• [THE PROBLEM]:
Line by line, output everything from the one that contains "Large 3 bedroom" through the end of the material below, exactly as written and with no pictures.

• [MATERIAL FOR THE TASK]:
______________________________

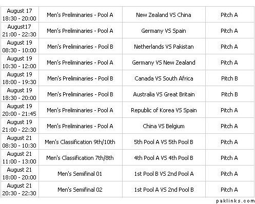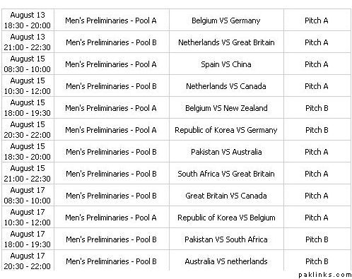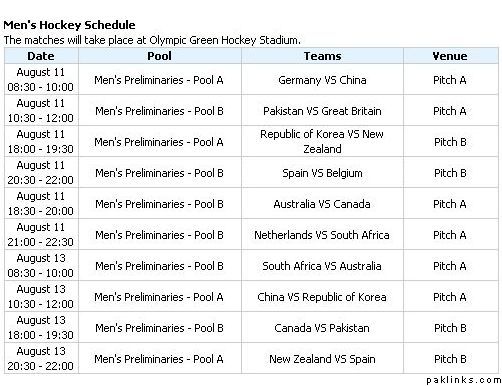 Here is the complete schedule of hockey matches in the Olympics.
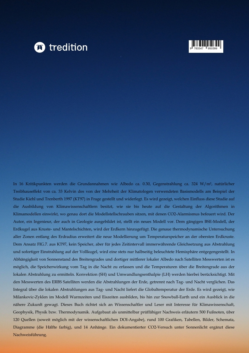 Als konstruktiver Bauingenieur des Hoch- und Tiefbaus (Stahlbau, Holzbau, Stahlbeton, Spannbeton, Brückenbau, etc., mit universitärer Ausbildung u.a. in Mathematik, Informatik, Physik, Statik, technischer Mechanik, Geologie, Hydraulik, Hydrologie, Wasserbau, Straßen- und Eisenbahnbau, Bodenmechanik, Felsmechanik, Geophysik und Baurecht) habe ich viele Jahre als Statiker und auch als Prüfstatiker gearbeitet. Mit der eigenen Unterschrift, der direkten juristischen Haftung für Freigabe der Ausführung, übernimmt man die persönliche Verantwortung. Als Prüfstatiker wird man in der Regel vereidigt, um unbestechlich, ohne Ansehen der Person oder Institution zu prüfen. Es ist die Aufgabe letztverantwortlich Fehler zu finden und zu korrigieren zum Schutz für Leib und Leben der Menschen. Hierbei prüft man auch Algorithmen der Software, bzw. die Software selbst. Heute bin ich in einem anderen Bereich des Bauwesens tätig. In der Statik wurden immer leistungsfähigere räumliche Berechnungsverfahren (Netze bzw. Finite Elemente) bereits Ende Mitte der 1980er Jahre entwickelt. Die Software der Klimamodelle verwendet ebenfalls räumliche Netze (Grids). Sie sind etwas anders aufgebaut, mit anderen Differenzialgleichungen bestückt und gehorchen anderen Randbedingungen als die Netze, die Bauwerke modellieren. Aus rein privatem Interesse begann ich vor vielen Jahren - als die Treibhaushypothese noch nicht im öffentlichen Interesse stand - mich mit dieser auseinander zusetzten. A priori ging ich davon aus, der sogenannte "Treibhauseffekt " sei selbstverständlich richtig . Klimawissenschaftler haften juristisch weder für Ihre Modelle noch für die volkswirtschaftlichen Auswirkungen ihrer Berechnungen. In den gängigen Klimamodellen wird der THE benötigt, um die Temperaturbildung zu durchzuführen. Es tauchten beim THE für mich Ungereimtheiten, Widerspruche und Fehler in seiner Ableitung auf. Über 900 Studien arbeitete ich über die Jahre zum Thema Modellierung-Klima-THE durch und, was zu diesem Bereich hinzutritt, privat, aber in der Herangehensweise eines Prüfingenieurs. Im Ergebnis gibt es mit meiner in von einander unabhängigen Beweisketten begründeter Beweisführung den THE real nicht. Die Temperaturbildung gehorcht andern Gesetzmäßigkeiten. Diese zeige ich explizit auf. Mit den umfangreichen Erweiterungen im Modell wurde der alte Titel der gelben 2. Auflage, 2021, "Kritische Analyse zur globalen Klimatheorie" durch einen Neuen ersetzt.
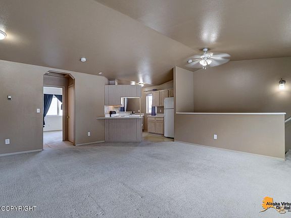 Large 3 bedroom 2 bathroom townhouse condo has been professionally cleaned to include carpets is ready for its new owner. Cathedral ceilings on top floor give a feeling of spaciousness. Master on top floor and two bedrooms on entry level. Gas fireplace in living room. Home has on demand water heater. Close to military bases and Glenn Hwy for quick commute north or south.
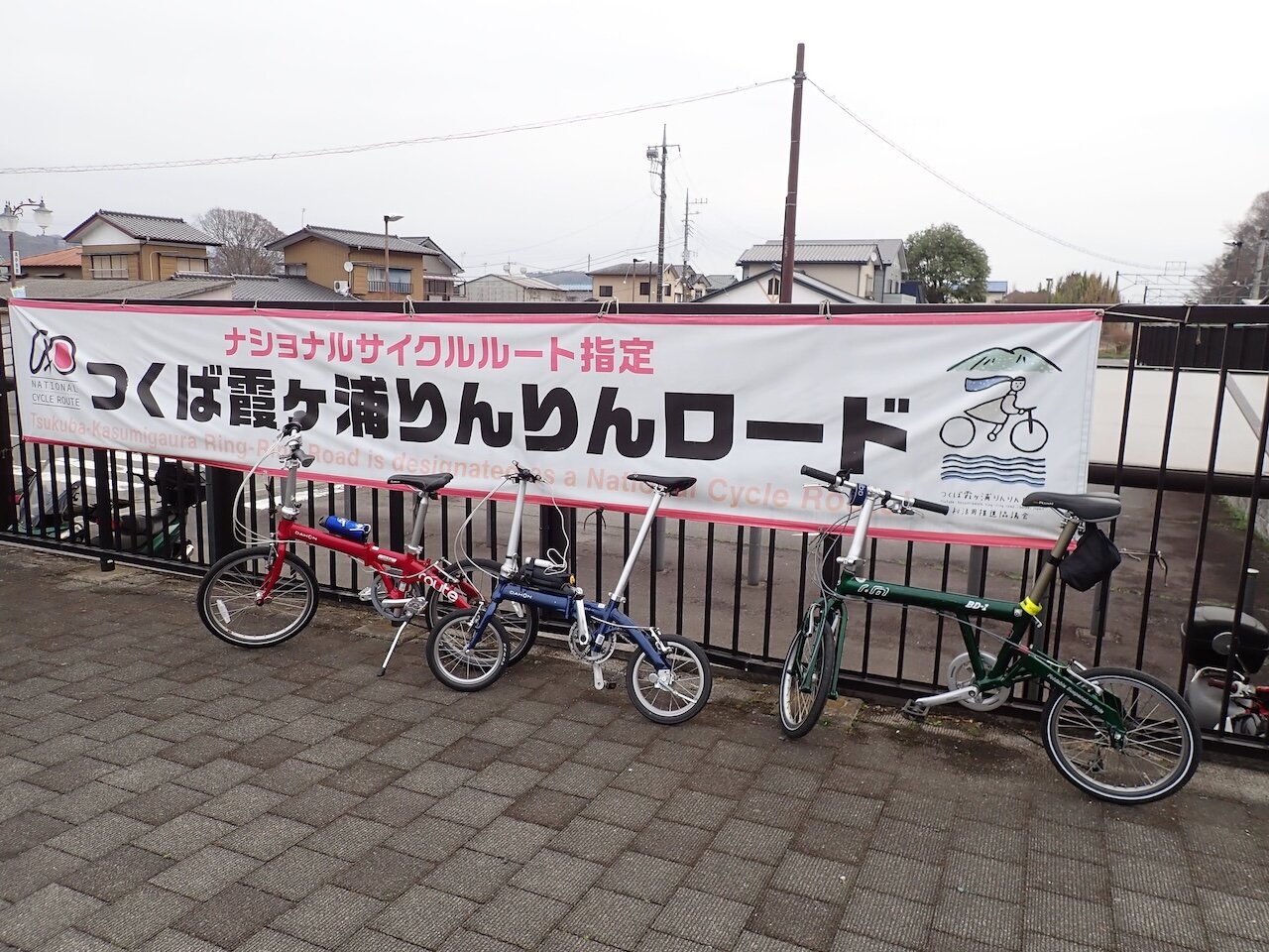 バーディ君の希望で駅前の垂れ幕の前に自転車を並べ、記念撮影した。
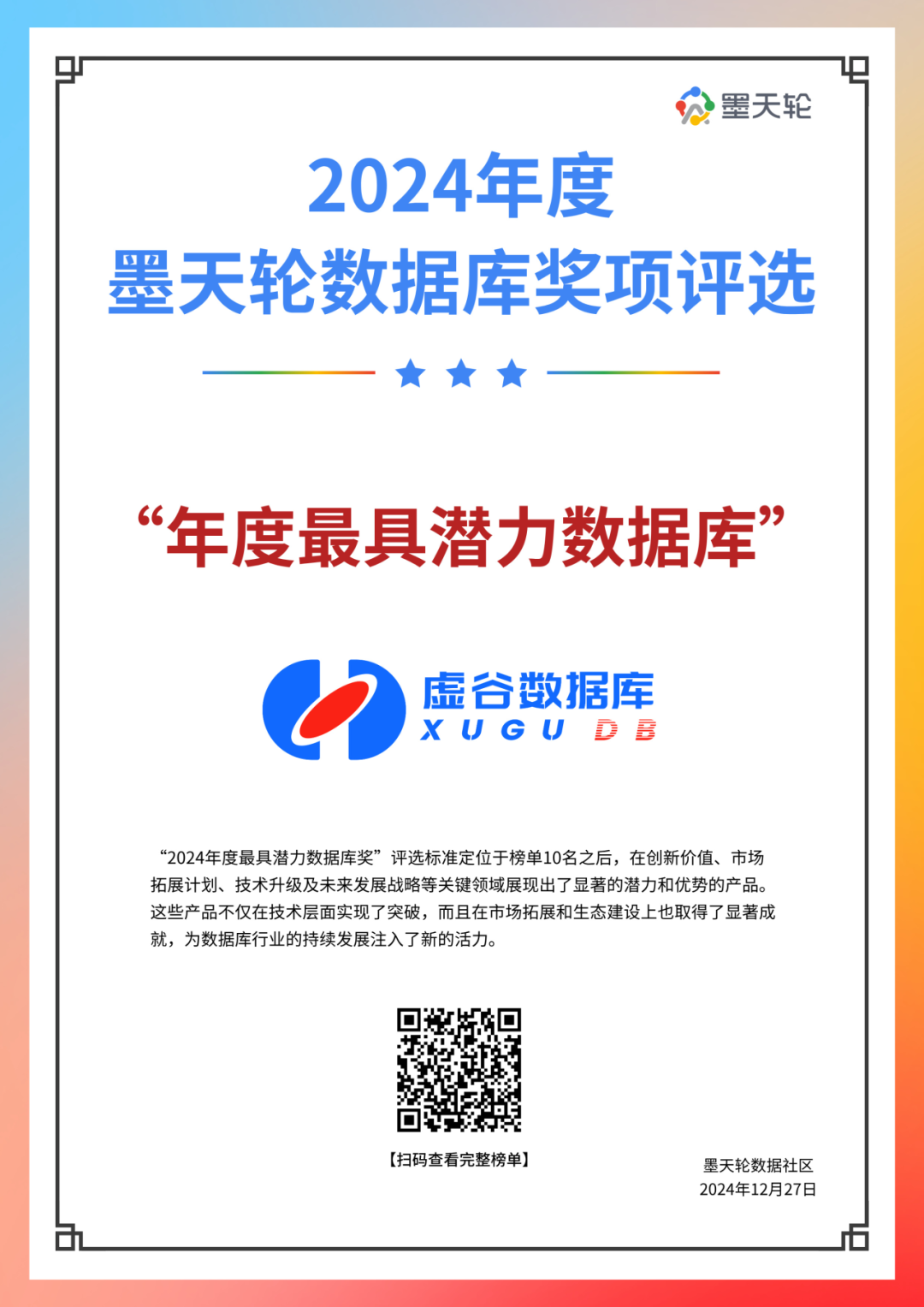 12月27日,墨天轮社区正式揭晓了2024年度数据库获奖名单。此次评选中,虚谷数据库凭借其卓越的技术实力和市场表现,荣获“2024年度最具潜力数据库”奖项,成为本年度数据库领域的闪耀之星。

______________________________

• [THE ANSWER]:
 Large 3 bedroom 2 bathroom townhouse condo has been professionally cleaned to include carpets is ready for its new owner. Cathedral ceilings on top floor give a feeling of spaciousness. Master on top floor and two bedrooms on entry level. Gas fireplace in living room. Home has on demand water heater. Close to military bases and Glenn Hwy for quick commute north or south.
 バーディ君の希望で駅前の垂れ幕の前に自転車を並べ、記念撮影した。
 12月27日,墨天轮社区正式揭晓了2024年度数据库获奖名单。此次评选中,虚谷数据库凭借其卓越的技术实力和市场表现,荣获“2024年度最具潜力数据库”奖项,成为本年度数据库领域的闪耀之星。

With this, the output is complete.